We’re told there’s an app for everything, right? Picture this in the not-too-distant future. You are feeling a sense of dread because you’re meeting with your boss today to discuss why your team has failed to meet several deadlines for a new product launch. She’s not happy. Actually, she’s seriously unhappy and you are not sure how you’ll effectively deal with her inner raging bull. Sure, you’ve prepped and reviewed all of the project update issues, but you are still apprehensive.
Thankfully, you can go on-line to the apps store and download the “Dealing with the tough boss” app for your smart phone. You’ll have it on during your meeting and with its voice recognition system and emotional intelligence sensing capabilities, it will provide guidance for you and even suggest dialogue (“Boss–you just said I’m wasting the oxygen in your office. Can you please state specifically why you feel that way?”).
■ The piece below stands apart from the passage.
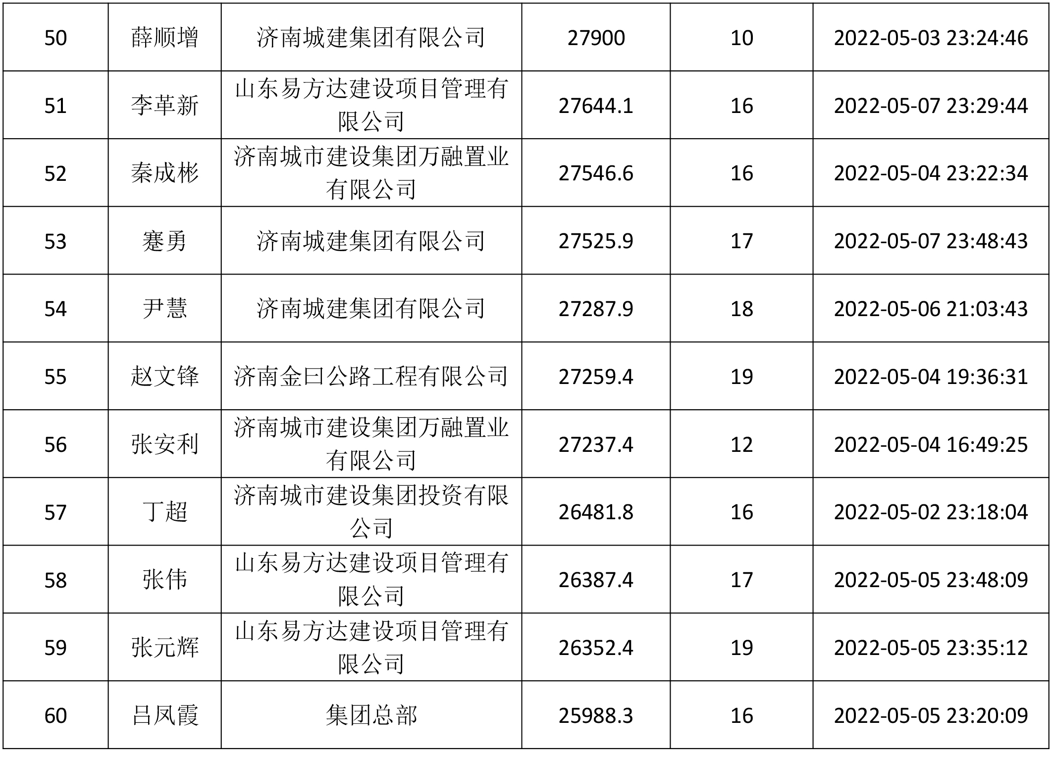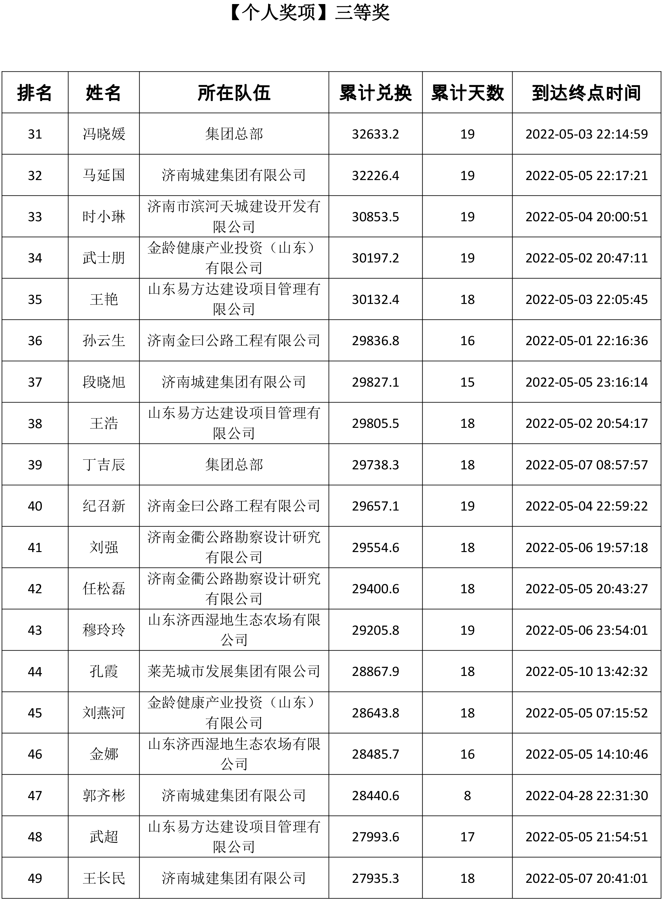 由共青團(tuán)濟(jì)南城市建設(shè)集團(tuán)有限公司委員會(huì)主辦,共青團(tuán)濟(jì)南金曰公路工程有限公司委員會(huì)、濟(jì)南新城文化傳媒有限公司承辦的“青春有夢(mèng) 建設(shè)無(wú)疆”——職工線上健步走活動(dòng)于5月13日正式落下帷幕。此次活動(dòng)共持續(xù)19天,參與人數(shù)達(dá)1716人。

The app will provide you expert guidance on how to navigate the meeting and will have allowed for you to define ahead of time what your preferred outcome is for the meeting. Sure, your smart phone will be on and will be coaching you out loud throughout the meeting but the boss will not mind because she has also downloaded an app, one called “Dealing with an unmotivated slacker.”
That’s right, she also wants to leave nothing to chance in this important meeting and while recently she has attended several company sponsored courses on how to be an effective manager, she’s become frustrated with you lately and knows you don’t respond well to her threats and accusations. And voila–the two cyber coaching apps work well and both you and the boss are pleased with the meeting’s outcomes.
And you thought the future of apps belonged to angry birds, tossed paper and ninja sliced fruit. Workplace apps like the “meeting coach” examples described above are the next new frontier for smartphone technology. Some companies have already created downloadable streaming video on leadership topics and there are also “expert systems” which provide just-in-time helpful hints for leadership skills, but these are mostly passive, asynchronous data-based learning tools.
I suggest there is a whole world of possibilities out there that goes even beyond the cyber coaching example played out above. Way beyond, in fact. In that project management scenario, the individuals were still in charge of the conversation, aided by interactive technology. The next generation of workplace apps after that might have a level of sophistication that allows for the two individuals to simply bring their devices loaded with the appropriate apps to the meeting, put the devices in cradles facing each other and sit back and let the apps work through the issues whiled the meeting principals–the humans–simply observe and agree to the outcomes. Dueling Droids, if you will.
Think of the applications. Procurement departments and vendors each bring their apps to the table to negotiate a deal. May the best algorithm win. Hate to do performance appraisals, regardless of which side of the desk you sit on? Piece of cake. There will be an app for that. You and your direct report pour yourselves some coffee and sit back and let the apps hammer out the review. The result? Win-win and high-fives. The painful but necessary annual capital budgeting process? Not so painful anymore with the “Budget, Baby!” app. Sales of Maalox will plummet. And then someone will come out with a line of parenting apps to make those oh-so-special conversations with our teenagers productive and uneventful. Sales of Jack Daniels will plummet.
And of course at some point there will be Workplace App 5.0, where we will no longer even need to be present to listen to and monitor our apps. Instead, we’ll send our personal avatars to meetings and other workplace activities and they will download the results to us after the fact. That frees us up to sit in our offices and do what is really important–playing the next generation of Angry Birds or Fruit Ninja.